Input data

________________

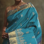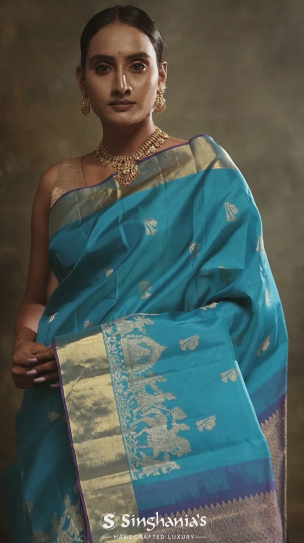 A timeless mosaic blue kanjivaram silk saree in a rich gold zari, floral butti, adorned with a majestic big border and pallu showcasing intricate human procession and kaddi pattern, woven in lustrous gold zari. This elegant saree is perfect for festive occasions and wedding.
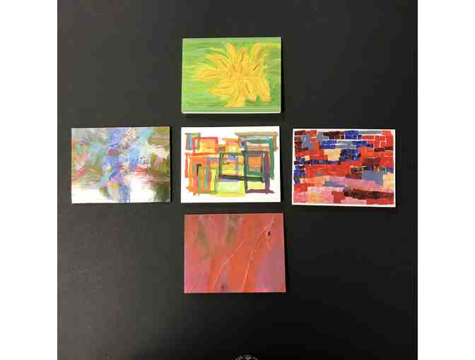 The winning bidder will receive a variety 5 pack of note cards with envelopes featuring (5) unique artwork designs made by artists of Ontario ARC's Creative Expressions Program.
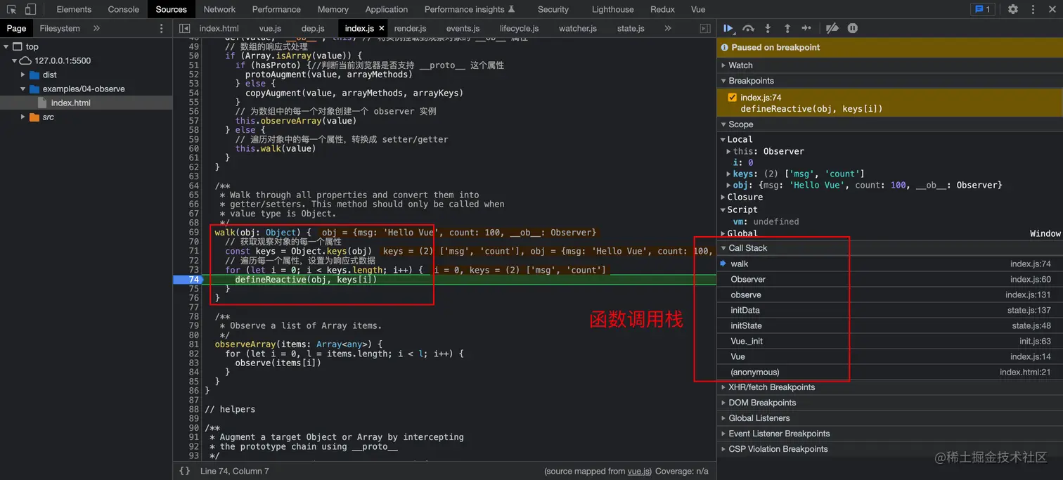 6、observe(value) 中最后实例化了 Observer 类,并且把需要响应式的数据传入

________________

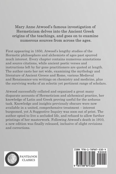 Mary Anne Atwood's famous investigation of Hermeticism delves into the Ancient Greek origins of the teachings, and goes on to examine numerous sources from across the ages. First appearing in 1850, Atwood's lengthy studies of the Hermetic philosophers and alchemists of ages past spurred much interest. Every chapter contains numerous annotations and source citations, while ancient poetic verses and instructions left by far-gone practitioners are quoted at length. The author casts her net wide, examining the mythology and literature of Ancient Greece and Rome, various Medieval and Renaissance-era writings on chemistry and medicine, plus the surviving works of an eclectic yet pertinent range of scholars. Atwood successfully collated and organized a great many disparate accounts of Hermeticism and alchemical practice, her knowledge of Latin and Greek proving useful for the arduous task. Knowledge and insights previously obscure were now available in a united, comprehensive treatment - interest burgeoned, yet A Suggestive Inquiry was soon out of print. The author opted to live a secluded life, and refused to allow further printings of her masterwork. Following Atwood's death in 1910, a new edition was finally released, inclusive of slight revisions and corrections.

________________

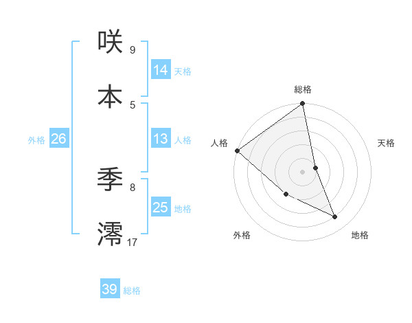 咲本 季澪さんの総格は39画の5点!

________________

How to complete this task
Leave the pictures out, and transcribe exactly the lines above starting at the one that contains "A timeless mosaic" and ending at the one that contains "6、observe(value) 中最后实例化了 Observer".

Solution to the problem
 A timeless mosaic blue kanjivaram silk saree in a rich gold zari, floral butti, adorned with a majestic big border and pallu showcasing intricate human procession and kaddi pattern, woven in lustrous gold zari. This elegant saree is perfect for festive occasions and wedding.
 The winning bidder will receive a variety 5 pack of note cards with envelopes featuring (5) unique artwork designs made by artists of Ontario ARC's Creative Expressions Program.
 6、observe(value) 中最后实例化了 Observer 类,并且把需要响应式的数据传入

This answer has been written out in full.